PARIS : L'application de prières Muslim Pro, qui revendique 95 millions d'utilisateurs, est visée par une plainte à Paris de dizaines d'utilisateurs français, qui l'accusent d'avoir vendu des données personnelles à une société renseignant in fine l'armée américaine, a-t-on appris auprès de leurs avocats.
Ces utilisateurs, dont la plainte a été dévoilée par la radio RTL et doit être déposée mardi à Paris, réclament une enquête pour « atteinte aux droits de la personne résultant des fichiers ou des traitements informatiques », « abus de confiance », « mise en danger de la vie d’autrui » et « complicité d’assassinat ».
Cette action judiciaire fait suite à la publication le 16 novembre d'une enquête du média en ligne Vice, affirmant que des services de l’armée américaine achètent les données de géolocalisation d’utilisateurs d’applications privées à travers le monde.
Dans le cas de Muslim Pro, dont l'option de géolocalisation permet de déterminer l'heure de la prière, des données ont été vendues à « une société appelée X-Mode, qui obtient les données de localisation directement des applications, puis vend ces données à des sous-traitants et, par extension, à l'armée », explique Vice.
« Le commandement des opérations spéciales des États-Unis (USSOCOM) a acheté un accès aux données de Locate X pour aider aux opérations des forces spéciales à l'étranger », affirme Vice.
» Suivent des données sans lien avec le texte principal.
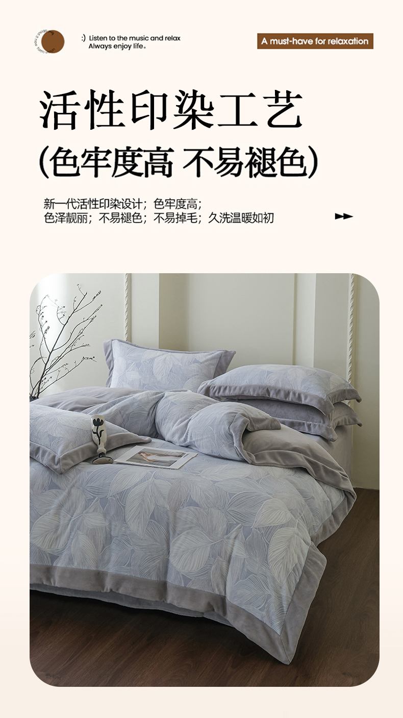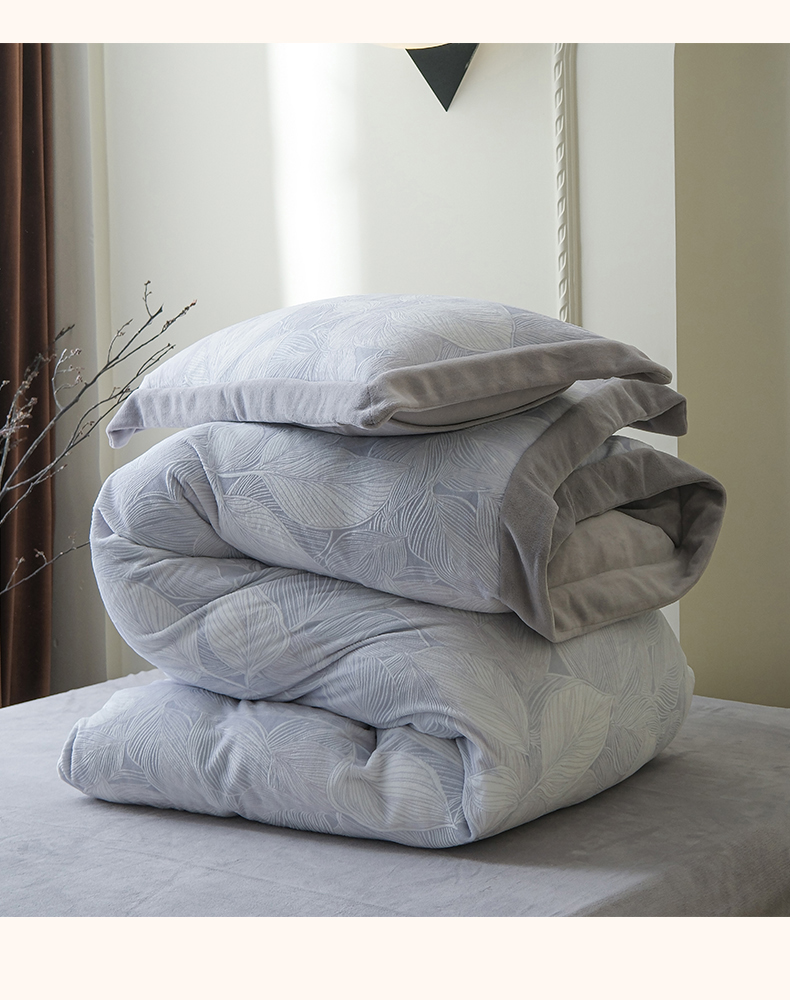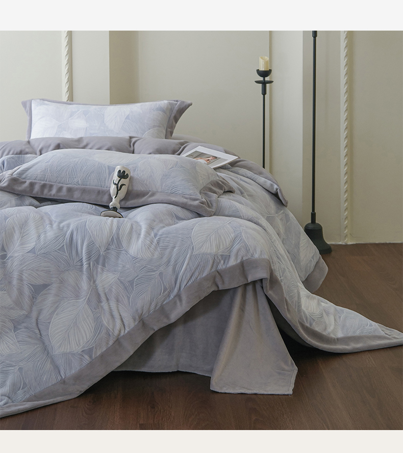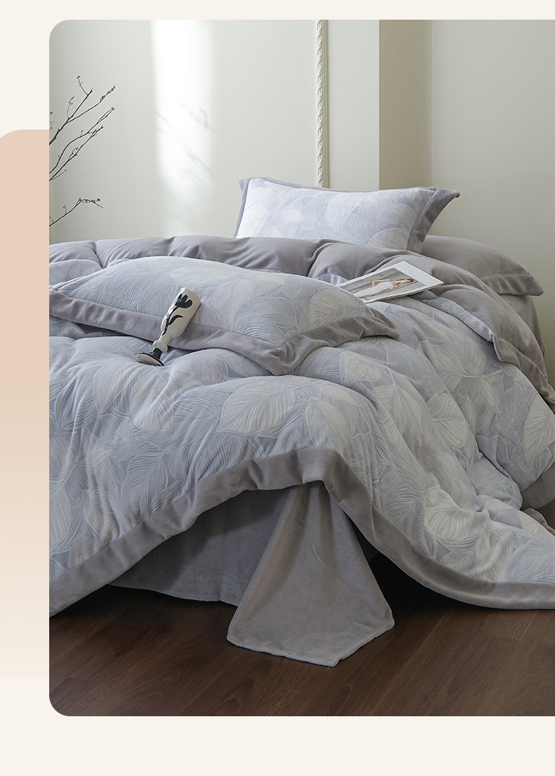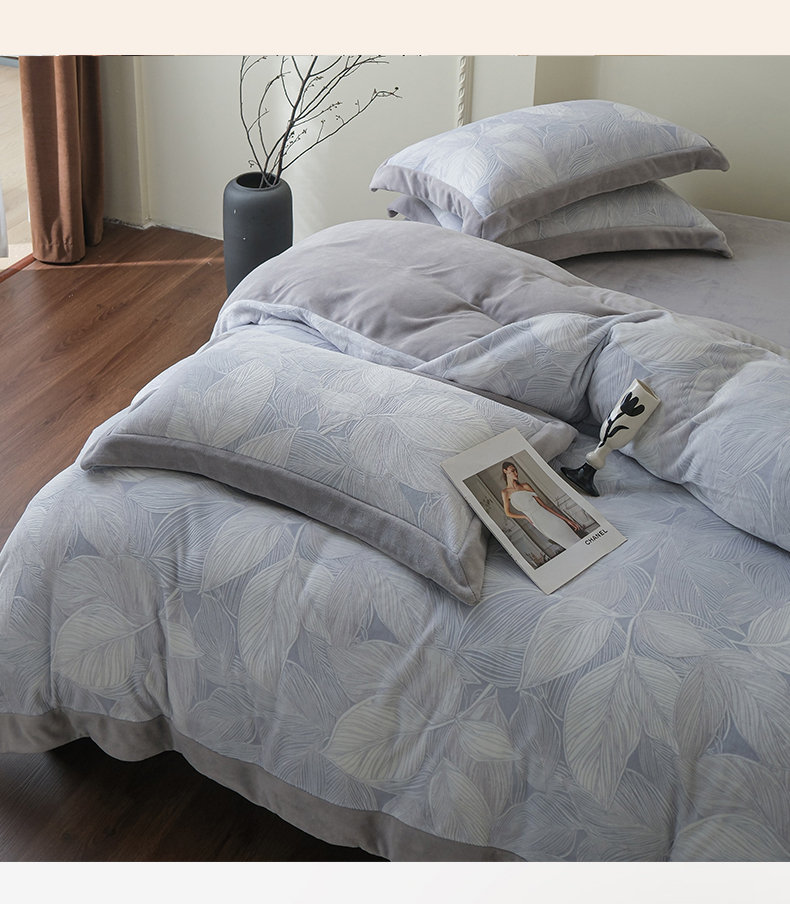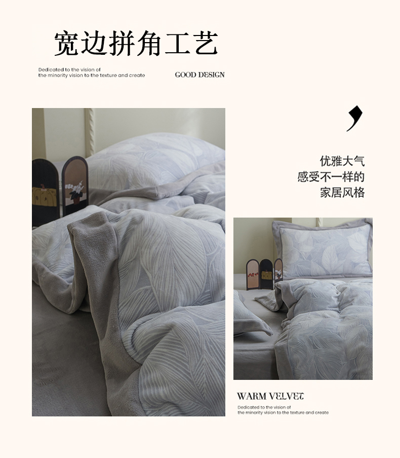 米奈家居 2025新款立体雕花拼角款牛奶绒四件套 秋影-灰蓝

Le média soulève la question d'un possible usage de ces données par les Etats-Unis pour mener des exécutions extrajudiciaires contre des suspects de « terrorisme » via des frappes de drone, précisant n'en avoir pas eu connaissance à ce jour.
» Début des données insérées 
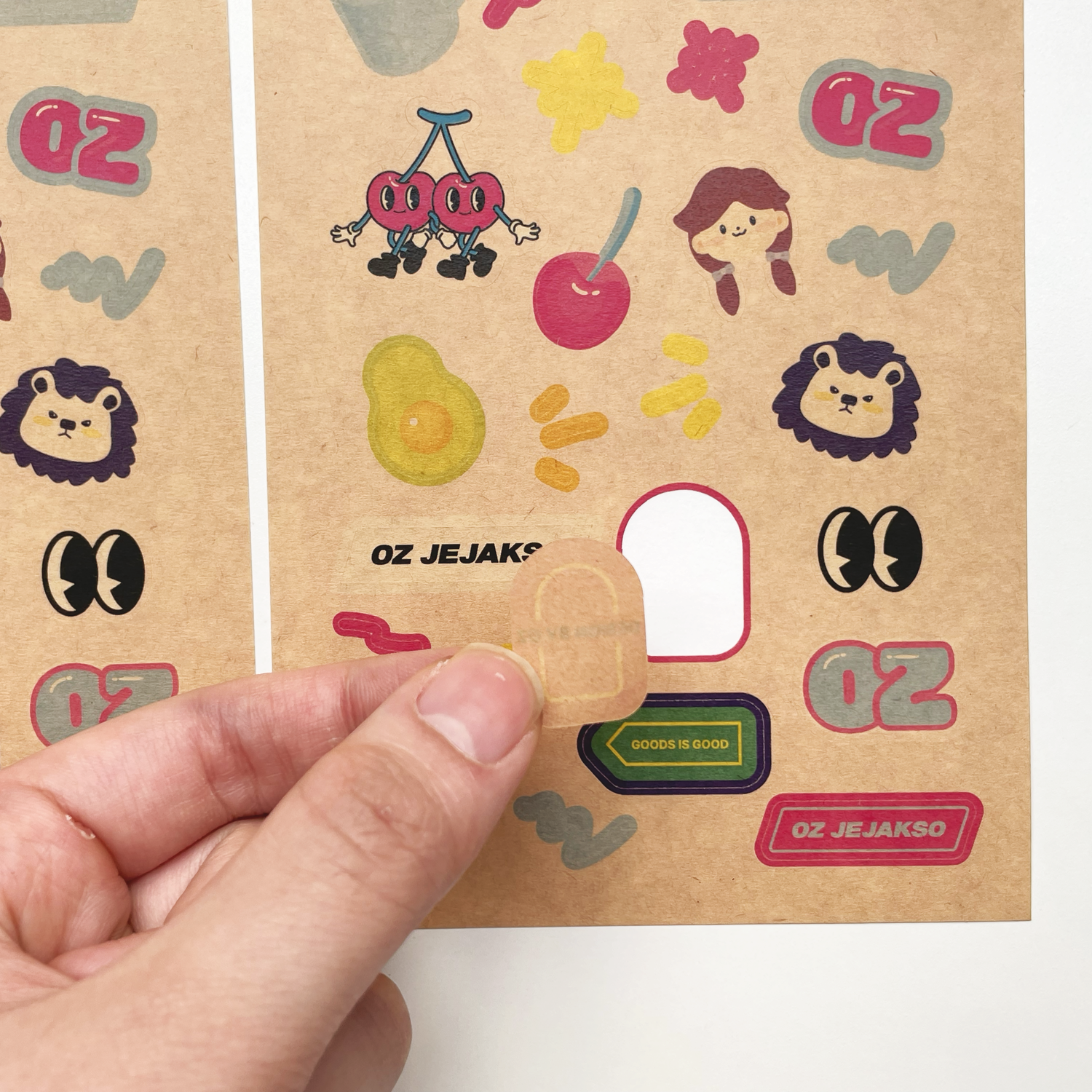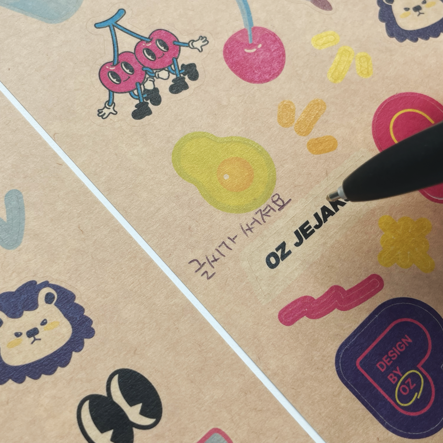 스티커 뒷면은 크라프트지 색상, 후지는 흰색이에요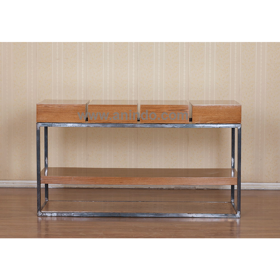 Modern console table 4 drawers 2 shelves is made of iron combined with mango veener.
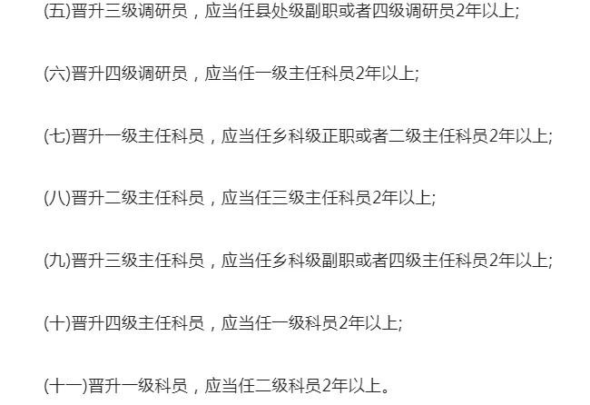 大家都知道公务员的职级晋升也是有一定的条件,晋升不同的层级需要的条件也不一样,同时对于任职年限也有一个基本的限制,让我们来看看相关规定中对于任职年限的一个最低要求,具体如下图
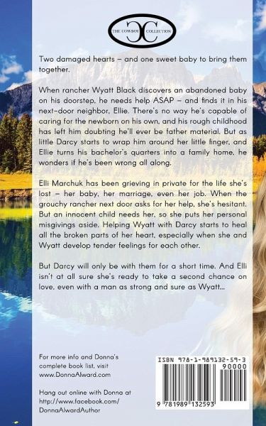 Two damaged hearts - and one sweet baby to bring them together. When rancher Wyatt Black discovers an abandoned baby on his doorstep, he needs help ASAP - and finds it in his next-door neighbor, Ellie. There's no way he's capable of caring for the newborn on his own, and his rough childhood has left him doubting he'll ever be father material. But as little Darcy starts to wrap him around her little finger, and Ellie turns his bachelor's quarters into a family home, he wonders if he's been wrong all along. Elli Marchuk has been grieving in private for the life she's lost - her baby, her marriage, even her job. When the grouchy rancher next door asks for her help, she's hesitant. But an innocent child needs her, so she puts her personal misgivings aside. Helping Wyatt with Darcy starts to heal all the broken parts of her heart, especially when she and Wyatt develop tender feelings for each other. But Darcy will only be with them for a short time. And Elli isn't at all sure she's ready to take a second chance on love, even with a man as strong and sure as Wyatt...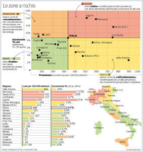 Poi c’è il riquadro giallo: qui stazionano Veneto, Emilia Romagna, Valle d’Aosta e la provincia autonoma di Bolzano. In queste zone il contagio è in corso di raffreddamento, ma la percentuale di incremento di nuovi casi non fa stare ancora tutti tranquilli.
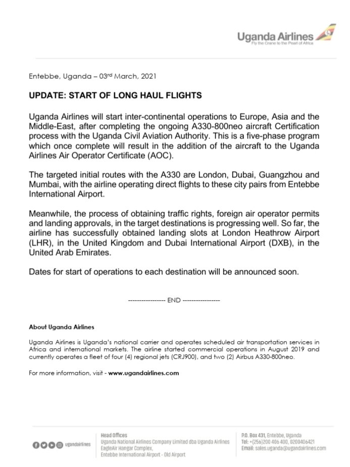 Following a number of negative media reports about the launch of long haul destinations has Uganda Airlines given details about the ongoing certification process of the new Airbus A330-800Neo aircraft.Usually well informed aviation sources in Entebbe have suggested to ATCNews that it might be the Uganda Civil Aviation Authority which is responsible for the delay, following a very slow process of certification which was expected to be complete when the first Airbus arrived before Christmas last year.

Dans un communiqué le 17 novembre, Muslim Pro a annoncé sa décision « de mettre fin à (ses) relations avec tous les partenaires de données, y compris X-Mode », leur partenaire depuis quatre semaines.
L'entreprise, fondée par un Français et basée à Singapour, affirme avoir « lancé une enquête interne (...) pour confirmer que toutes les données des utilisateurs ont été traitées conformément à toutes les exigences existantes ».
Les avocats des plaignants, Xavier Nogueras, Vincent Brengarth et William Bourdon, sollicitent « une enquête sur des faits d’une gravité certaine qui, s’ils sont établis, apparaissent clairement être un cas d’école de l’instrumentalisation pouvant être faite de données personnelles des utilisateurs ».
« Des logiques économiques pulvérisent l'impératif de protection de la vie privée », dénoncent-ils.